Plus celles-ci sont nombreuses, plus elles rendent possible à certains élèves de se rattraper, en envisageant les choses sous un autre point de vue (le théâtre ou la participation à un journal permettent de faire des progrès en français).
En outre, certaines disciplines me paraissent maintenant indispensables pour former de vrais citoyens. Il s’agit de :
- la sensibilisation à l’architecture et au mode de fabrication des villes dans l’histoire ;
- le décryptage des images télévisées, cinématographiques et autres ;
- les fondamentaux du droit.
Ces différents savoirs pourraient être répartis dans les cours, en fonction des compétences des professeurs et du projet pédagogique.
La réponse habituelle des enseignants (et on les comprend) est « mais où allons-nous caser tout ça, déjà que nos programmes sont surchargés ! »
Le programme est jusque-là une feuille de route assez rigide, qui impose un ordre bien précis. Le temps accordé par les enseignants à telle ou telle question est peu ou prou le même. Le programme n’est par ailleurs jamais fini !
Je propose que le programme ne soit plus un conducteur, mais une liste d’acquis, à transmettre dans l’ordre qu’on voudra et par qui l’on voudra.
Il serait en effet intéressant que les enseignants qui le souhaitent puissent former un véritable projet pédagogique, en collaboration étroite. Ainsi, les cours (au collège), pourraient opérer des croisements, être jumelés, comme cela se fait déjà dans certains établissements. Le système hebdomadaire routinier tel qu’il existe aujourd’hui mérite des aménagements. Certaines heures pourraient être dédiées à des matières variées selon l’époque de l’année.
Les contrôles ne seraient pas directement dépendants des disciplines, mais donneraient lieu à des appréciations sur plusieurs d’entre elles, comme c’est d’ailleurs le cas dans la vie active (ou inactive).
Tout cela pour aboutir à une redistribution des disciplines dans une optique organique.
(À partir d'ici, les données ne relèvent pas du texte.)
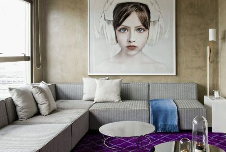 Klasičan stan u svetlijim nijansama sive oplemenio je jakim bojama poput ljubičastog tepiha i žute trpezarije. Posebu pažnju privlači neobična slika u dnevnom boravku i fotelja u obliku spirale.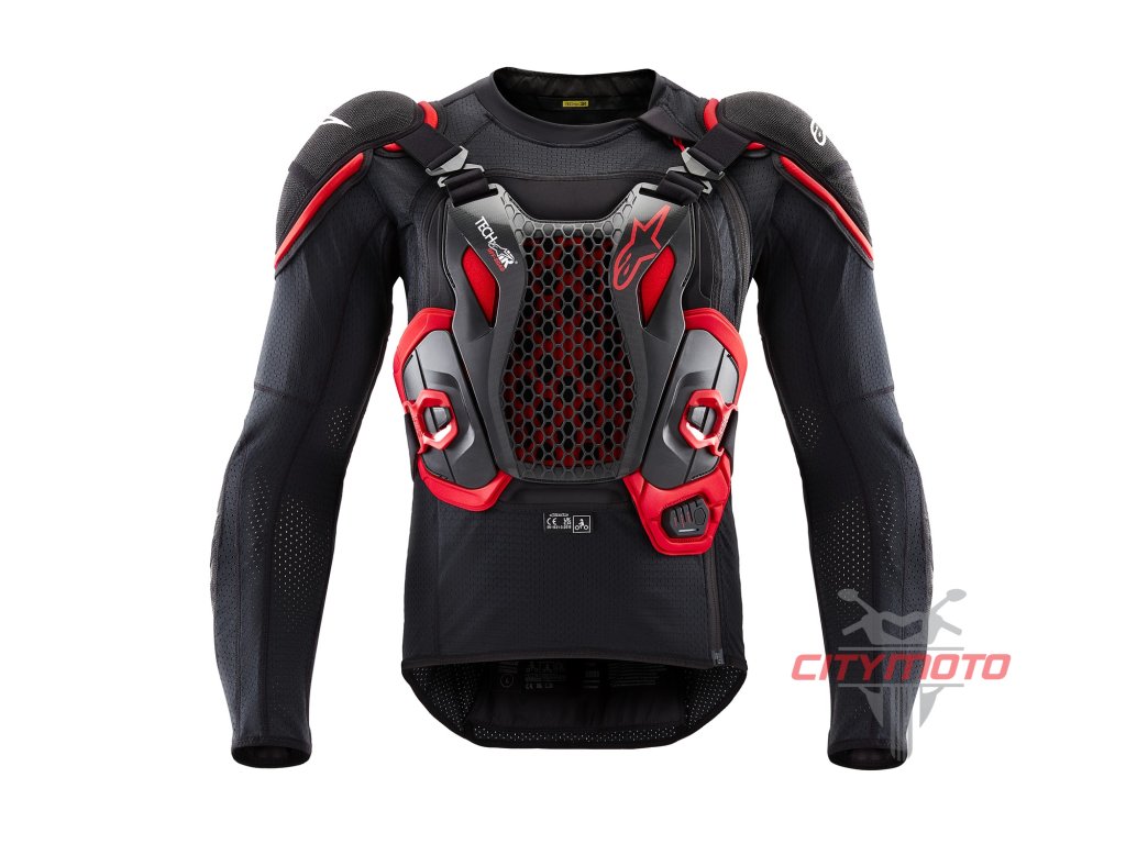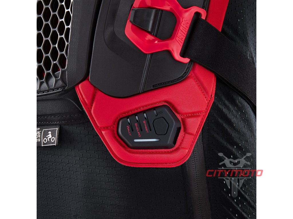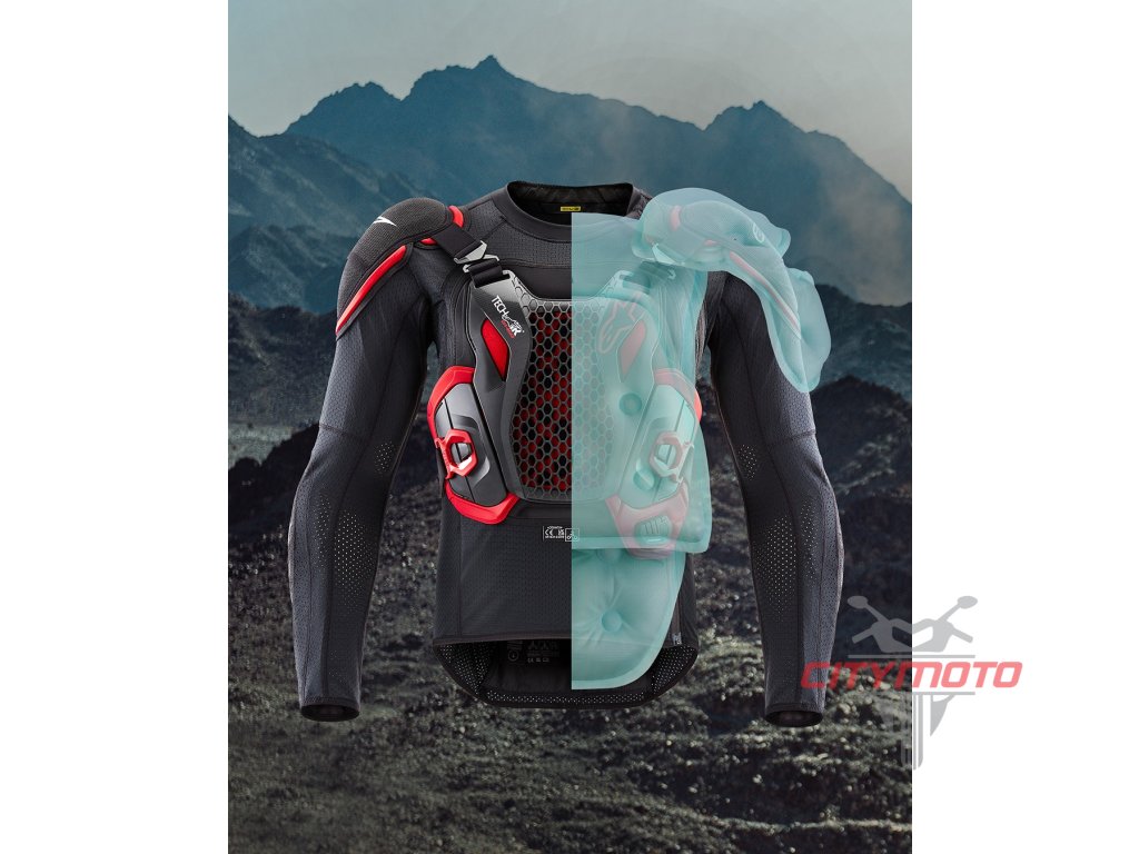 - Airbag systém, který ochránní ramena, hruď, záda, torzo, klíční kosti, krk společně s pasivní ochranou zad, hrudi, torza, loktů a ramen díky CE certifikovaných prvků tělového protektoru.

L’apprentissage du dessin se ferait réellement en biologie, de même que l’histoire serait l’occasion d’améliorer son expression en français, et de mettre en rapport l’histoire politique avec l’histoire de l’architecture, de la société, du travail, de l’art, etc.
Le décloisonnement des disciplines a toujours été mal vu de l’EN parce que trop difficile à contrôler. Or, à mon sens, ceux qui sont les véritables garants de l’exigence sont les enseignants, et il faut à un moment leur faire confiance pour donner une forme cohérente à un projet pédagogique, classique ou plus novateur, en un mot diversifié et permettant à l’élève de trouver sa place et au citoyen d’émerger.